Large options expiries matter because market makers often hedge the exposure they have sold. As expiry approaches, that hedging can push price toward major strike clusters or toward the max pain zone, where the largest amount of option premium expires worthless for buyers.
This does not mean expiry always decides direction by itself. But it can amplify short-term moves, especially when positioning is crowded and spot is trading near a strike with heavy open interest.
Another important detail is futures positioning. Several reports say perpetual funding has turned negative, which suggests a buildup of short exposure even as BTC trades near the upper end of its recent range.
That means if bitcoin holds above the key $75,000 area, the expiry could combine with short covering and dealer hedging to create an upside squeeze. On the other hand, if bulls fail to hold that level, the market could slip back toward the lower max-pain region instead.
This expiry matters because it hits while bitcoin is already at a technically sensitive point. Price is above max pain, but not by a huge margin, and the market is still fragile enough that positioning can matter a lot over a short window.
It also shows how much crypto price action is now influenced by derivatives structure, not just spot demand.
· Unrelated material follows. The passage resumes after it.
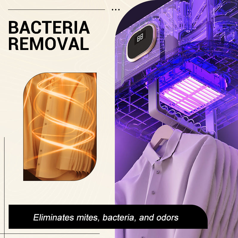 DESINFEKTIONSKRAFT â Enheten hjĂ€lper inte bara till att torka, utan bidrar ocksĂ„ till att upprĂ€tthĂ„lla renligheten. Den varma luften eliminerar bakterier och dammkvalster, medan den inbyggda negativa jontekniken neutraliserar lukter. Detta sĂ€kerstĂ€ller att dina klĂ€der inte bara blir torra utan ocksĂ„ hygieniskt sĂ€kra och doftar rent.

When open interest clusters heavily around a few strikes, those levels can become temporary battlegrounds for both bulls and bears.
The simplest way to read this is that the $7.9 billion expiry raises the odds of volatility around Friday. Above $75,000, the market could squeeze higher. Below that, bitcoin may feel more pull toward the low-$70,000 max-pain zone. Either way, the expiry is important because positioning is large enough to influence near-term price behavior.